I think the path currently might look something like this:

User -> Internet -> Cloudflare DNS (port 80/443) -> Cloudflare Tunnel (inside your network) -> Traefik (port 80/443) -> Service A

And now you want to add an extra route that goes something like:

User -> Internet -> Cloudflare DNS (port 80/443) -> Cloudflare Tunnel (inside your network) -> Nginx Reverse Proxy (can’t use port 80/443 because it’s taken by Traefik, so port XYZ but that costs a fee) -> Service B

If this understanding is correct, I’d recommend simplifying to just either Traefik or Nginx, as both does the same job of routing traffic from your entrypoint (Cloudflare tunnel) to your service.

For a Traefik based setup, you’d ideally put it on a bridged host network in docker, and have it listen there. Add individual service you’d want to expose (i.e. just the container of the web server for the app, not the database) to that network, and apply the appropriate container labels to expose it. It’d then be able to handle all the appropriate routing for you.

I don’t use Nginx, so I can’t touch on that, but I’d imagine similar setup in which you have Nginx listen to 80/443, then have it route the request to your service as needed based on whatever setup mechanism it uses.

[–] chiisana@lemmy.chiisana.net 1 points 11 months ago

Reminds me of some place that didn’t listen to their mods and devs… 🤔

[–] chiisana@lemmy.chiisana.net 1 points 11 months ago* (last edited 11 months ago)

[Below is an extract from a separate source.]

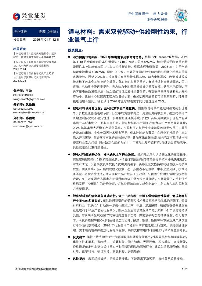 兴业证券:锂电材料:需求双轮驱动+供给刚性约束,行业景气上行.pdf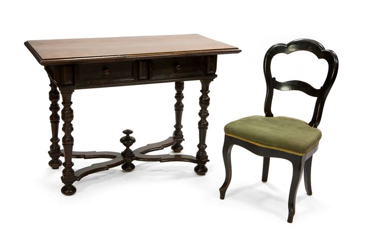 Scrittoio in noce, Piemonte, inizi XVIII sec., a due tiretti, gambe a rocchetto raccordate da traverse. Difetti sul piano e sulla fodera posteriore. Lo scrittoio è accompagnato da una sedia in legno ebanizzato, epoca Luigi Filippo, seconda metà XIX sec.

A CA cert is higher up can sign for any desired domain. Certificates are a chain of trust and as long as the entire chain can be validated (by the root level installed by the user), then the entire cert will appear valid. During installation, that’s what gets installed and then the provider signs for whatever domain you’re visiting that they’d need (or want) to MITM.

Cloudflare uses LetsEncrypt, Google and a few other CAs to sign their certs. You’re not forced to use them as registrar, and they could (though they will lose accreditation very quickly) in theory sign any domain without you using them to host your domain’s DNS.

[–] chiisana@lemmy.chiisana.net 1 points 11 months ago (2 children)

As the person I replied to mentioned, these kind of providers would often also get you to install a cert that they’d use to sign with. Once it is installed, the certificates wouldn’t appear broken anymore.